We admit that we may not fully understand the question. We guess that this question may refer to Lines 194–196 in our paper: "Instead of sharing the same weight and bias for all samples in a column as in a classic linear layer, each value is projected using its own weight and bias."

During column-wise embedding (feature embedding), we map each individual cell in a column $c_j$ into an embedding vector. Specifically, we compute:

$W, B = \text{SetTransformer}(c_j)$
$e_j = W \odot c_j + B$

Here, we consider two choices:

• Shared weights and biases: All cells in column $c_j$ share the same weight and bias
• Cell-specific weights and biases (our choice): Each cell $c_j^i$ is associated with its own weight $W_i$ and bias $B_i$.

We opt for the second design because, in tabular data, cells within the same column often serve distinct statistical roles—e.g., being the minimum, maximum, mode, or an outlier. Using cell-specific parameters allows the model to adaptively embed each value based on such roles.

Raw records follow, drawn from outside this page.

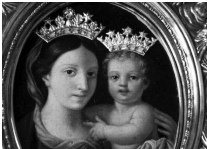
Богородица Упования - покровительница Папской римской высшей духовной семинарии.

нам Себя, дал нам Духа, и благодаря этому мы смогли ответить на требования жизни и помочь другим в их страдании. Конечно, Иисус научил нас молитве «Отче наш». Мы можем молиться о многом. Во всех наших нуждах мы можем молиться: «Помоги мне!» Это совершенно по-человечески, и Бог, как мы видели, тоже человек; поэтому будет верно просить Бога в молитве о малых вещах, связанных с нашей повседневной жизнью.
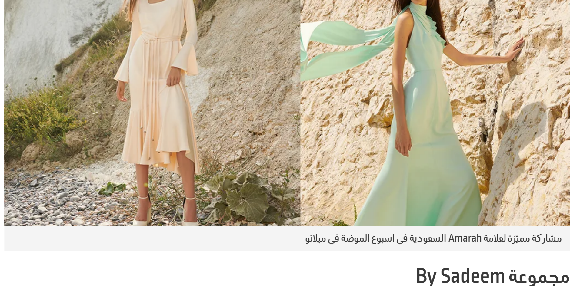
مشاركة مميزة لعلامة Amarah السعودية في اسبوع الموضة في ميلانو

Amarah هي من بين العلامات السعودية المشاركة في المعرض، وقد كشفت عن تصاميم بقضات أنثوية مريحة ضمن مجموعتها لربيع وصيف 2023، التي شكّلت لوحة صيفية ملهنة من ألوان الباستيل.
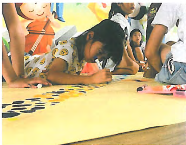
分組合作繪製家鄉地圖
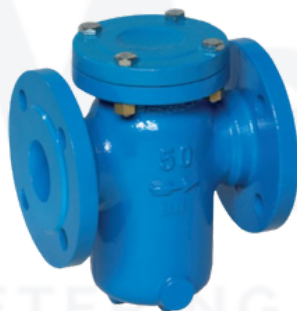
FILTRO DE CESTA

-El diseño robusto y compacto permite una instalación fácil y segura manipulación en el tiempo incluso en condiciones adversas. El cuerpo de fundición de hierro está protegido por pintura epoxy y los elementos de filtrado son de acero inoxidable.
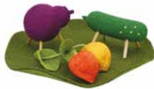
⑲ ちりめんミニ精霊馬(蓮飾り)
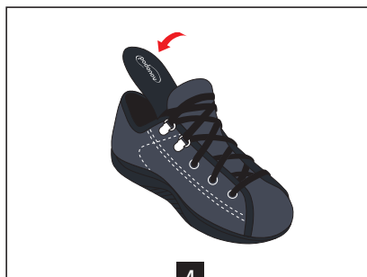
4 Remettre la semelle de confort par-dessus la semelle entretoise
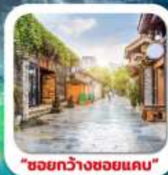
"ชอยกว้างชอยแคม"

Importantly, both options rely on the set transformer to generate the projection parameters, so the architectural backbone remains the same. The key difference lies in how the output of the set transformer is used.

How much computation overhead it can bring ?

Using separate weights and biases for each cell introduces only a mild overhead, as the set transformer still processes the entire column as a set, and the per-cell projections are implemented efficiently as element-wise operations.

How much it makes the performance better ?

In our early experiments, we observed that using per-cell weights and biases improved performance over shared ones. However, we acknowledge that we have not conducted a thorough ablation study to quantify this gain precisely, and we will consider including such analysis in future work.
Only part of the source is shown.